Connor knocked Cassandra to the floor for the third time that afternoon. He swung his katana gracefully and held it casually an inch away from her neck. Her sword lay on the floor on the other side of the room. Her loose T-shirt and leggings were cut and sliced, spattered and stained with blood, both old and new, and she was panting heavily. Connor was untouched.

He did not offer to help her get to her feet, but walked away from her and went to the table that stood underneath the three windows on the front wall of the house. He had had the house renovated almost two years ago, soon after he had moved to Scotland with his new wife Alex and his son John. Most of the third floor had been converted to an exercise space. The staircase went through the center of the house, neatly dividing the sparring floor and weight-lifting equipment from the area which held the bath, the office, and the storage room. Connor took a long drink from his water bottle and looked out the window.

He had owned this land for almost four hundred years, and he could remember a time when cows and chickens had roamed the rutted paths that served as streets, before the rows of Georgian houses had been built. He could remember the smells, too. Progress wasn't all bad.

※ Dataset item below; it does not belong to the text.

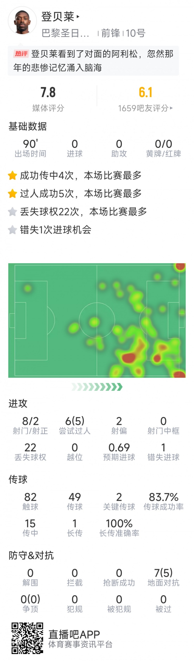 2025-03-06 10:31:27登貝萊本場數(shù)據(jù):8射2正,1次錯失良機(jī),2次關(guān)鍵傳球,5次過人

Cassandra joined him and laid her sword on the table. She picked up her own water bottle and sat down in the chair.

Connor did not turn from the window. "I thought you were better than this."

"I was." She took several slow deep breaths, trying in vain to hide how tired she really was. "I haven't used a sword much lately."

"Lately?" he said scathingly, looking at her now. "You act like you haven't even picked one up in centuries."

"As I said," she answered coolly, reminding him of how old she was, how old he was. "Lately."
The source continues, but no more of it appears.